Text-only streaming:

```bash
curl -N -X POST "$BASE_URL/v1/chat/completions" -H "Authorization: Bearer $API_KEY" \
  -H "Content-Type: application/json" \
  -d "{\"model\":\"$MODEL_ID\",\"stream\":true,\"messages\":[{\"role\":\"user\",\"content\":\"List the visible safety risks.\"}]}"
```

Uploaded-video-backed chat:

```bash
curl -X POST "$BASE_URL/v1/chat/completions" -H "Authorization: Bearer $API_KEY" \
  -H "Content-Type: application/json" \
  -d "{
    \"model\": \"$MODEL_ID\",
    \"id\": \"$FILE_ID\",
    \"messages\": [{\"role\":\"user\",\"content\":\"What happens in this video?\"}]
  }"
```

Direct `video_url` chat:

```bash
curl -X POST "$BASE_URL/v1/chat/completions" -H "Authorization: Bearer $API_KEY" \
  -H "Content-Type: application/json" \
  -d '{
    "model": "nim_nvidia_cosmos-reason2-8b_hf-1208",
    "messages": [
      {
        "role": "user",
        "content": [
          {"type": "text", "text": "Describe the video with timestamps."},
          {"type": "video_url", "video_url": {"url": "http://host/path/clip.mp4"}}
        ]
      }
    ]
  }'
```

Direct `image_url` chat:

```bash
curl -X POST "$BASE_URL/v1/chat/completions" -H "Authorization: Bearer $API_KEY" \
  -H "Content-Type: application/json" \
  -d '{
    "model": "nim_nvidia_cosmos-reason2-8b_hf-1208",
    "messages": [
      {
        "role": "user",
        "content": [
          {"type": "text", "text": "What is visible in this image?"},
          {"type": "image_url", "image_url": {"url": "http://host/path/frame.jpg"}}
        ]
      }
    ]
  }'
```

RTSP/live-stream-backed chat can use an active stream id on builds whose live
OpenAPI exposes `id` for chat requests:

```bash
curl -X POST "$BASE_URL/v1/chat/completions" -H "Authorization: Bearer $API_KEY" \
  -H "Content-Type: application/json" \
  -d "{
    \"model\": \"$MODEL_ID\",
    \"id\": \"$STREAM_ID\",
    \"messages\": [{\"role\":\"user\",\"content\":\"What is happening on this live stream right now?\"}]
  }"
```

## Optional NIM-Compatible Endpoints

- `POST /v1/completions` exists for compatibility, but on current 26.05 builds text-only
  legacy completion requests return HTTP 400 by design.
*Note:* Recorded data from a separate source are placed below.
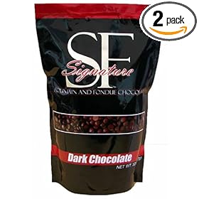SF Signature Fondue Chocolate, Dark Chocolate, 28-Ounces Pouches (Pack of 2): Grocery & Gourmet Food. The microwaveable bags are quick and easy to use; simply heat and pour. SF Signature Dark Chocolate Fondue is absolutely smooth and silky. Designed to work perfectly in fondue fountains with no oil additives, the creamy taste of this sweet chocolate will wow your guests. Signature Dark Chocolate Fondue is made in the Belgian Style with 100% natural, Kosher-certified ingredients, including African cocoa beans, which allows the chocolate to melt to the right consistency for use in a fountain without adding oil. SF Signature tests their fondues numerous times to get the perfect combination of taste and flow for both commercial and home fountain users.
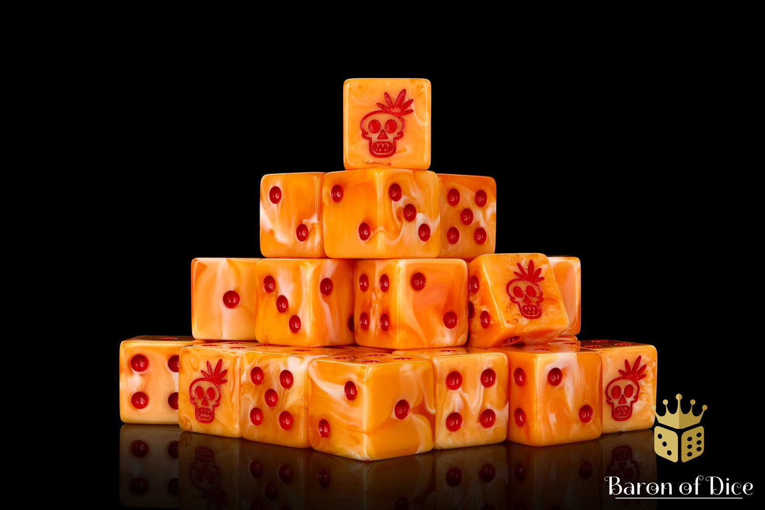 These are officially licensed, Mythic Earth dice, finally! Hand-mixed resin, featuring a base of fiery oranges swirled with veins of white and inlaid with a bloody red; 16mm dice. The symbols are on the 6 side. Our premium dice come with unique reusable tins.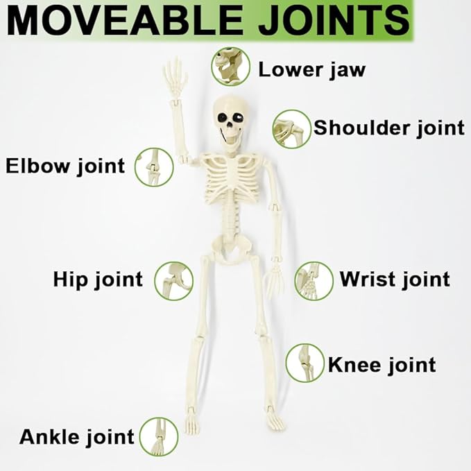 - Posable Joints Skeletons: The Halloween skeletons come with movable shoulder, elbow and wrist joints. Most of the joints are movable, including the head, jaw, shoulders etc. They can It can perform all kinds of movements, such as sitting, walking and so on, you can pose them however you like.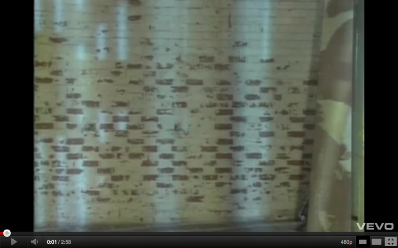 it is a shot of reebok aerobic shoes quick-stepping on concrete flooring that is presumably- if we’re working within a context of logical narrative and spacial reliability- located in close proximity to the badly painted brick wall.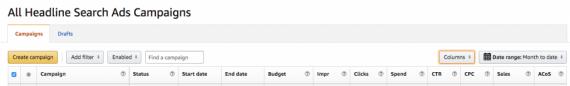 Seller Central 的 Headline Search Ads 在管理广告绩效方面做的很好,卖家可以依照自己的需求来调整筛选器,直接在亚马逊后台分析广告绩效,也可以调整广告出价赖评估关键词效果。
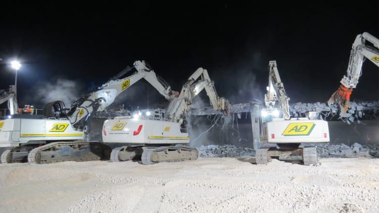 L’opération a été parfaitement réussie, suivie de près depuis une aire sécurisée avec food truck gratuit par les élus et riverains, dans une ambiance particulièrement conviviale. En outre, une attention exemplaire est apportée en matière d’environnement via le site de concassage et de tri sur la base vie du chantier, à Sainte Musse. Tout le béton et la ferraille récupérés de la démolition y ont été acheminés pour être recyclés, limitant ainsi l’impact carbone du chantier.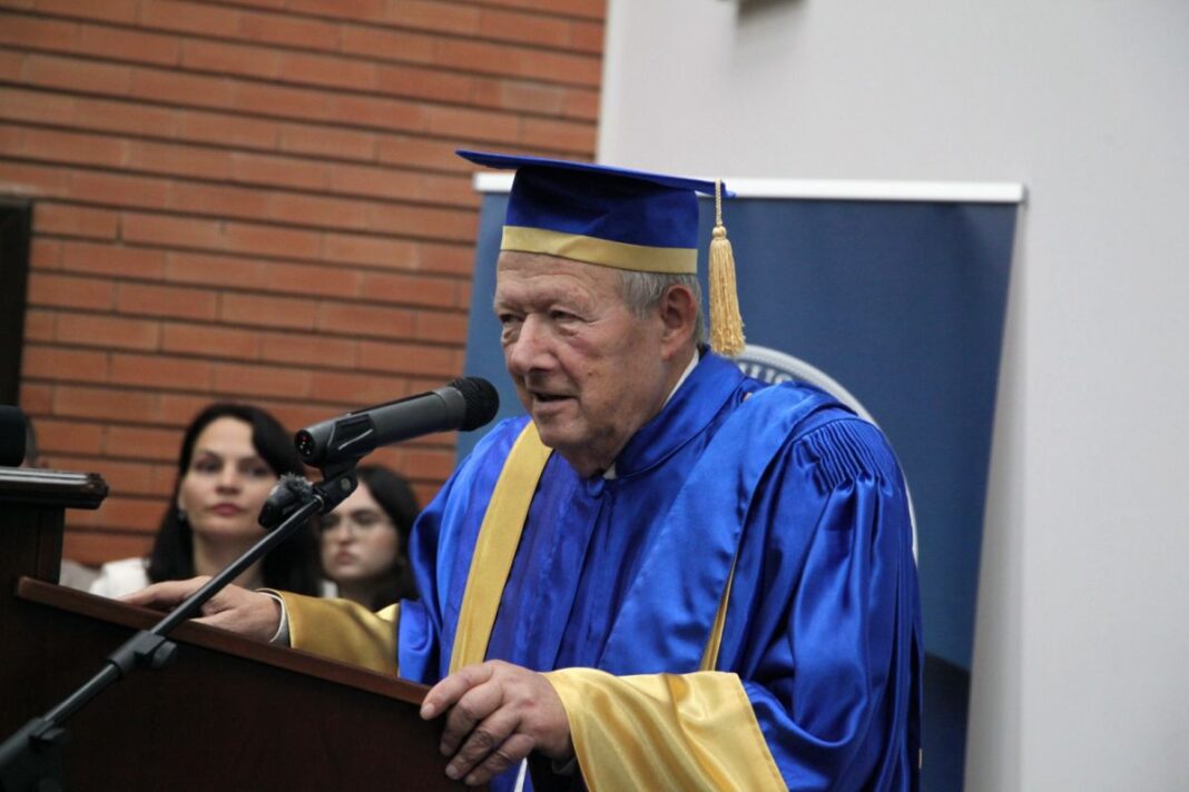 În cuvântul de mulţumire, Adam Michnik a creat, chiar dacă nu neapărat voluntar, un moment plin de umor, declarând: „Sincer să fiu, mă simt ca şi când aş fi la propria înmormântare. Pentru că doar la înmormântare se vorbeşte întotdeauna de bine”. Dincolo de această glumă, fostul disident anticomunist a mărturisit că este o reală onoare pentru el faptul că într-o universitate din România sunt amintite valorile pe care el s-a străduit să le slujească toată viaţa. În acest context, Adam Michnik a declarat: „Astăzi, Europa şi întreaga lume devin cenuşii, iar valorile (n. r. democratice) sunt ameninţate. România şi Republica Moldova sunt două ţări care au înţeles că aceste valori merită şi trebuie să fie apărate. Cu ajutorul buletinului de vot, la prezidenţialele din România a fost oprită puterea autoritarismului. E un moment de referinţă pentru Europa, pentru întreaga lume şi pentru ţara mea”.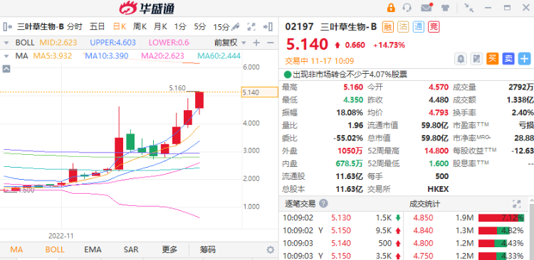 三叶草生物近期股价持续强势,截至发稿,现涨近15%,报5.14港元,成交额1.338亿港元,换手率2.4%。值得关注的是,三叶草生物月内累计涨幅近180%。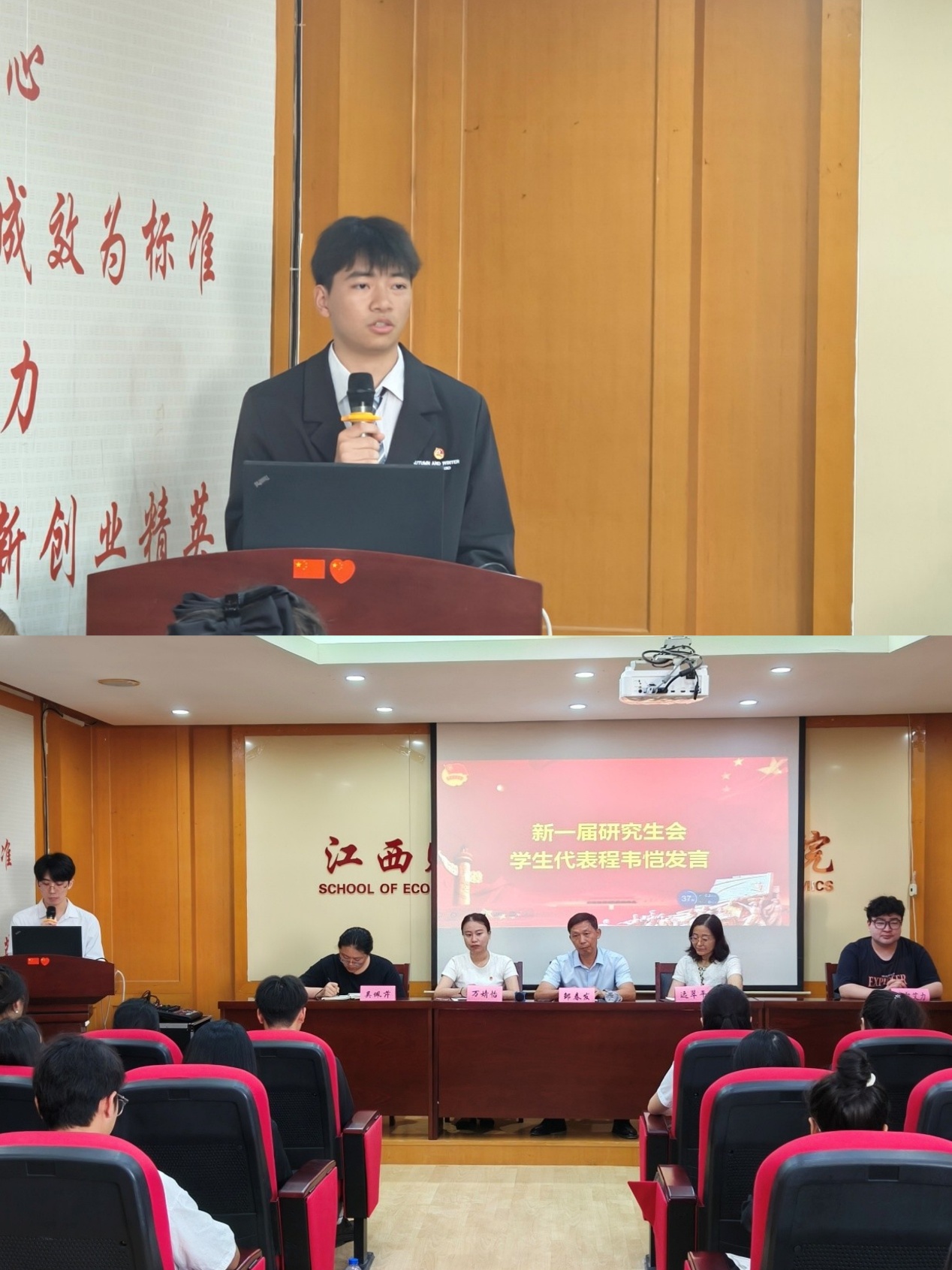新一届团委学生会学生代表冀科璇、研究生会学生代表程丰恺对学院领导老师的付出和帮助表达了感恩,并且向新一届学生会干部提出工作思路的建议,他表示将脚踏实地,保持积极的工作状态,为学院事业添砖加瓦。

Use
  `/v1/chat/completions` for text-only and multimodal requests.
- Do not assume `/v1/license` exists. The current 26.05 live OpenAPI does not expose
  it and the endpoint returns 404; only call it after checking
  `GET /openapi.json`.
- `GET /v1/assets/stats` reports asset storage counts, TTL, and oldest-asset
  age when exposed by the live OpenAPI.